(Image: Adobe)

No laughing matter So, over the last month Melbourne emerged from a year of misery and lockdowns to resume one of its great cultural institutions: the Melbourne International Comedy Festival (minus the international element this year, for obvious reasons). And yet, to read one of the city’s two daily papers you’d barely know it was going on.

We had a look through the Herald Sun for references to the MICF and we found only two stories mentioning the actual festival — one an intro to the event, and one a combination of two reviews. But this is a major event in the city the Hun serves — why such muted coverage?

Previously the festival and the paper enjoyed a much sunnier relationship, with the Hun partnering with the festival and featuring full guides to the acts (which didn’t always go great…).

It surely couldn’t have anything to do with the following, could it?

We asked the Hun if the commercial partnership arrangements had anything to do with the muted coverage, but they didn’t get back to us before deadline.

Skyfall A while back, reading former Australian Conservatives Senator Cory Bernardi’s website — just after he put up a paywall (!) — we described his writing as “like the most basic guy in your office started a blog”. So it follows that the adverts for his new spot on Sky News radiate “the most basic guy in your office got a topical show”. Three words: James. Bond. Themed.

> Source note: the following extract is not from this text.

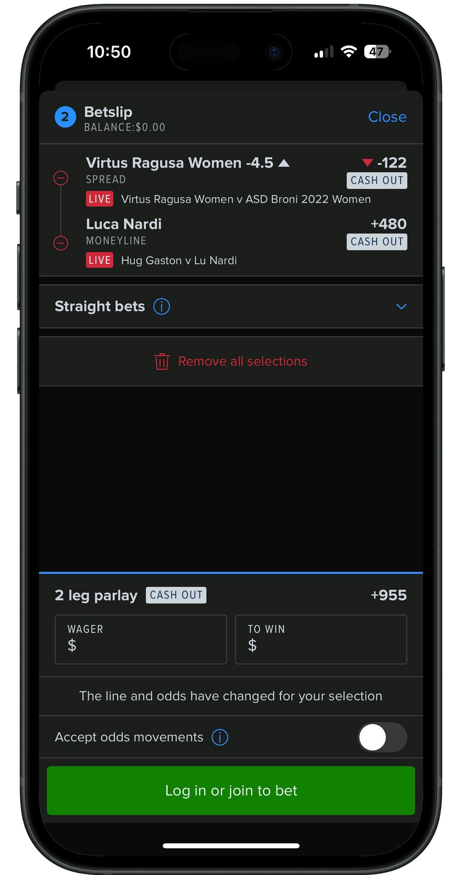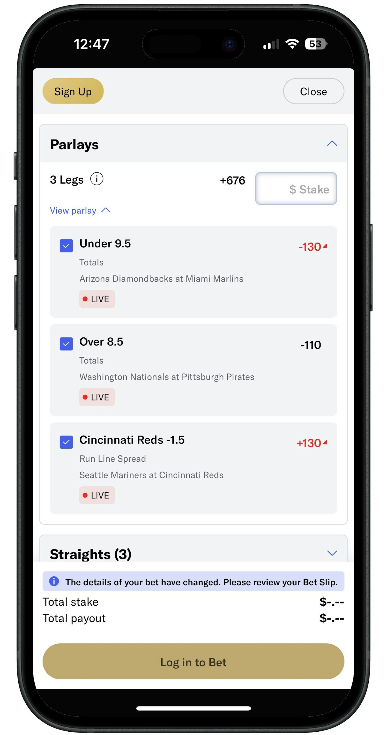 As soon as you open FanDuel, the app will tell you how many events are live in the top left. Click on that, and it’ll immediately open up with the most popular live wagers at the moment. Whether it’s based on storylines for star players or just adjusting to a high-profile event, FanDuel immediately greets customers with interesting live betting options.

If you can’t bring yourself to click the above click, it features Bernardi mimicking the gun barrel opening of the Bond series, turning around and looking serious at the camera and being handed a martini (because the world is a “cocktail of misinformation” you see). We hear Bernardi intoning the kind of portentous culture warring we’ve come to expect, like “if we don’t fight now, there’ll be nothing left to save”.

Because it’s always a good sign for one’s ability to engage with the topics of the day in a fresh and unpredictable way that producers know certain phrases will 100% occur during a show that hasn’t been made yet.

Wine o’clock It seems in the world of conservative political messaging, cocktails are good and wine is bad. Crikey’s Bernard Keane wrote a whole column yesterday about the hypocrisy of Morrison attacking people in “inner-city wine bars” for wanting to address climate change while sipping champagne with business luminaries at a five-star Sydney CBD hotel.

But it turns out Morrison doesn’t have to go all the way into the city for a nice sparkling. As News Corp journalist Eliza Barr points out, he can just pop downstairs from his electorate office to the Croydon Lane Wine & Tapas Bar, which we’re told specialises in boutique wines and delicious cocktails.

Good Society Why can’t Canberra’s spinners tell it straight, even when it’s a fair cop? The government’s Good Society sex education and consent initiative was shellacked from one end of the country yesterday with a ferocity rarely seen, forcing the department to take down material from the site.

Yet it appears that this outrage was always part of the plan. “In response to community and stakeholder feedback, two videos have been removed from The Good Society website,” the department assured angry / bemused / flummoxed Australians using its peculiar brand of passive-aggressive PR language. “The website is designed to be a live and dynamic resource, with content added, removed, and modified, to ensure it remains current and appropriate.” Talk about not really addressing the point.